Electrical – Should I use an LP2953 to power an ATTiny85 with a 12v battery

433mhzattinyattiny85voltage-regulator

Like a lot of people I'm building a little transmitter unit with one of those cheap 433mhz transmitters and an ATTiny85, and I am having a problem with the power supply. Actually it is only the power supply, everything else works nicely. But my battery is dead my morning, where 'dead' means under 4v and the circuit no longer works.

I initially tried with three AA batteries to power both RF and ATTiny. That worked but the range was not as good as I need. I got about 30m using 17cm whip antennae on both transmitter and receiver. That doesn't reach my letter box 🙂

Moving the voltage on the transmitter up to 12v did wonders for the range, but the ATTiny doesn't like more than 5.5v so I put a 7805 and some caps in there (the caps improved the range too) and ran the transmitter directly from the battery and the ATTiny from the 5v battery. That worked really well. But that sucks the battery, which is my current problem.

The battery I'm using is a 23A, about an inch long, alkaline 12v. It keeps the device quite small.

What I am looking at next is using an LP2953 pretty much like this (from the data sheet):
5V regulator using LP2953

I would delete the 'out of regulation' but keep the 'low batt' signal if I can, I had that working on the earlier 4.5v AA version of this. I think it means I need to change the voltage divider on the left. What I've read is that the LP2953 ought to be smarter about sucking battery, though I also notice in the data sheet they recommend hooking the designated pins to a copper base on the PCB, so if it is dissipating heat that means it is still sucking my battery isn't it?

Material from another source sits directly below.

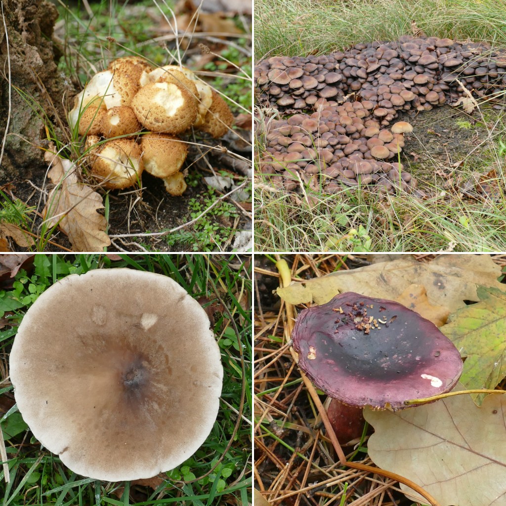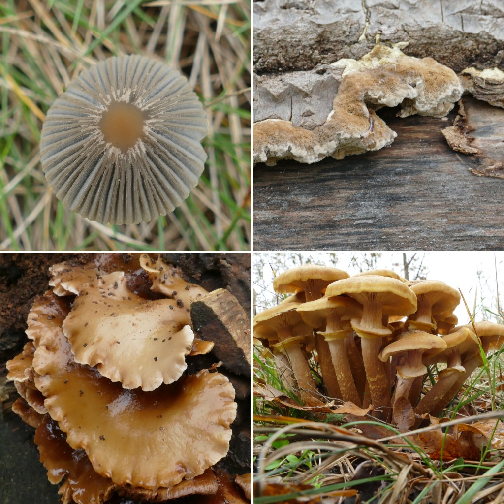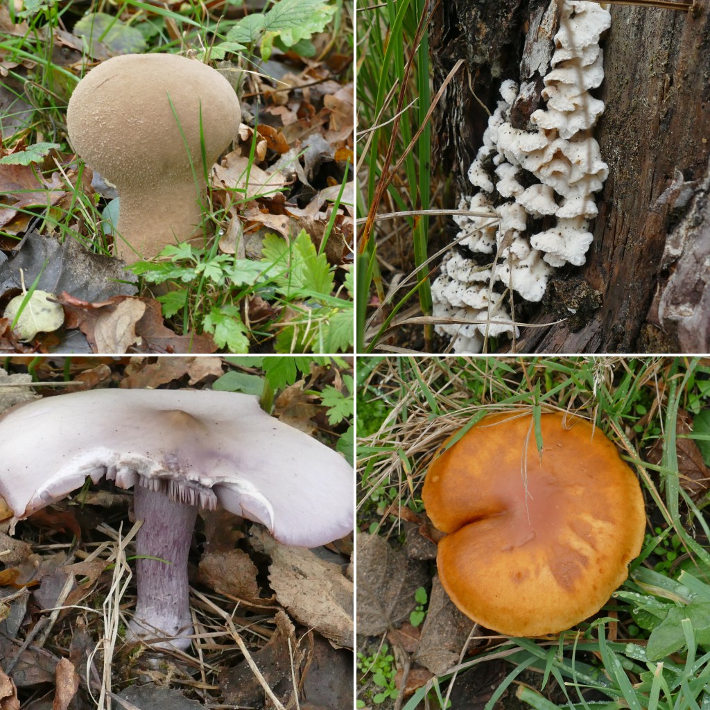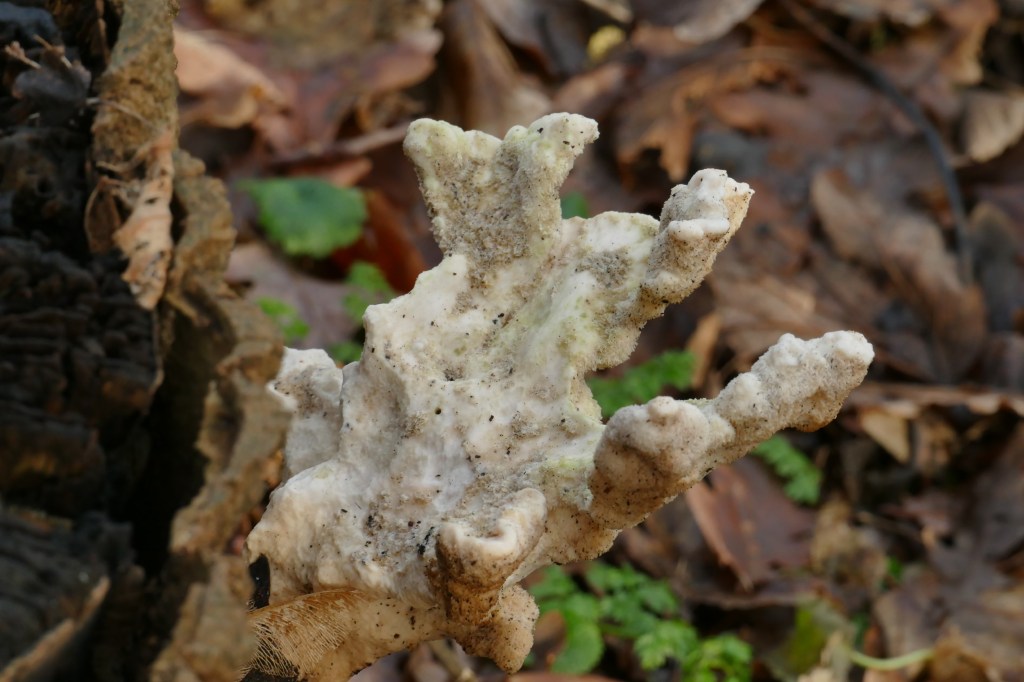Net voor we de Hogeweg inslaan, zien we links een afgezaagde boomstronk met daarop een grote, witte zwam. Wat we ook proberen, ObsIdentify (app op onze telefoons waarmee je planten, insecten, paddenstoelen enz. kunt determineren) herkent de zwam niet…

This guy used a CR2032 but that only gives 3v, not enough range for my application.
This guy has a slightly similar question which has an answer (from me!) but not to this question.

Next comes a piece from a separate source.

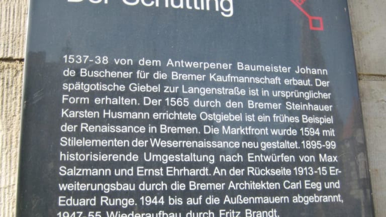 Ein in der Tat sehr schönes Gebäude der Handelskammer Bremen, über dessen Bauphasen im Verlauf der Jahrhunderte eine Infotafel am Gebäude berichtet (siehe anliegendes Foto). Bleibt die Frage: Woher kommt der Name Schütting ? Mögliche Antworten findet man auf der Seite der Handelskammer: Kommt er vom norwegischen Skotting = Versammlungshaus der hansischen Kaufleute ? Oder kommt Schütting von „schütten“ / „zusammentragen“ ? Oder leitet sich Schütting gar von „schießen“ ab ? Dazu gibt es gleich zwei Vorschläge, von denen mir der erste am besten gefällt: Innerhalb des Gebäudes Schießerei mit Kanonenkugel von Modellschiffen bei Festivitäten. Soll es gegeben haben :-). Quelle: handelskammer-bremen.de (Schütting Name - als Suchbegriff eingegeben)

Given this is my third try at powering this thing any advice is appreciated. The receiver end has another ATTiny85 hooked up to a Beaglebone and that all works nicely.

Best Answer

Unfortunately a linear regulator is a linear regulator - it drops the excess voltage and dissipates power as heat ... so just like the 7805 you had, the LP2953 is still a linear regulator.
12V in to 5V out makes it never much more than about 40% efficient, so however much power your ATTiny is using - 1.5x that is being wasted as heat in the regulator.
You could improve the regulator efficiency and reduce wastage significantly by using a DC-DC switch-mode regulator instead. They're more complicated to build from scratch, but ready-made modules are available - some are even drop-in replacements for the 3-pin 78xx linear regulators.
Chose the right one and you should easily get 80% or better efficiency from it.